The source code for the original V6 Unix was later made available as free software under a BSD License from the SCO Group.

==Portability==
Unix ran on a non-Digital computer for the first time when ported to Interdata hardware. Interdata maker Perkin-Elmer became the first minicomputer company to support Unix.

===Interdata 7/32===
In 1977, Richard Miller and Ross Nealon, working under the supervision of professor Juris Reinfelds at Wollongong University, completed a port of V6 Unix to the Interdata 7/32, thus proving the portability of Unix and its new systems programming language C in practice. Their "Wollongong Interdata UNIX, Level 6" also included utilities developed at Wollongong, and later releases had features of V7, notably its C compiler. Wollongong Unix was the first ever port to a platform other than the PDP series of computers, proving that portable operating systems were indeed feasible, and that C was the language in which to write them. In 1980, this version was licensed to The Wollongong Group in Palo Alto that published it as Edition 7.

===Interdata 8/32===
Around the same time, a Bell Labs port to the Interdata 8/32 was completed, but not externally released. The goal of this port was to improve the portability of Unix more generally, as well to produce a portable version of the C compiler. The resulting Portable C Compiler (PCC) was distributed with V7 and many later versions of Unix, and was used to produce the UNIX/32V port to the VAX.

===IBM VM/370===
A third Unix portability project was completed at Princeton, NJ in 1976–1977, where the Unix kernel was adapted to run as a guest operating on IBM's VM/370 virtualization environment. This version became the nucleus of Amdahl's first internal UNIX offering. (see Amdahl UTS)

==Variants and extensions==
Bell Labs developed several variants of V6, including the stripped-down MINI-UNIX for low-end PDP-11 models, LSI-UNIX or LSX for the LSI-11, and the real-time operating system UNIX/RT, which merged V6 Unix and the earlier MERT hypervisor.

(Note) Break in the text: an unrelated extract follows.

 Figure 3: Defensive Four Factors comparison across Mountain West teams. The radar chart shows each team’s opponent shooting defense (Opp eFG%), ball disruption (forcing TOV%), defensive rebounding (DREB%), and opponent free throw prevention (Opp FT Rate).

After AT&T decided the distribution by Bell Labs of a number of pre-V7 bug fixes would constitute support (disallowed by an antitrust settlement) a tape with the patchset was slipped to Lou Katz of USENIX, who distributed them.

The University of Sydney released the Australian Unix Share Accounting Method (AUSAM) in January 1978, a V6 variant with improved security and process accounting, in addition to the fifty fixes that leaked out of Bell Labs. There were several subsequent releases.

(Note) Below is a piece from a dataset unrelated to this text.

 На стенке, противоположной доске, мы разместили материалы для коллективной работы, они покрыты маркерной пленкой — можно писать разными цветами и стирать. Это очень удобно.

Interactive Systems Corporation released an enhanced PDP-11 version for office automation called IS/1.

In the Eastern Bloc, clones of V6 Unix appeared for local-built PDP-11 clones (MNOS, later augmented for partial compatibility with BSD Unix) and for the Elektronika BK personal computer (BKUNIX, based on LSX).

V6 was used for teaching at MIT in 2002 through 2006, and subsequently replaced by a simpler clone called xv6.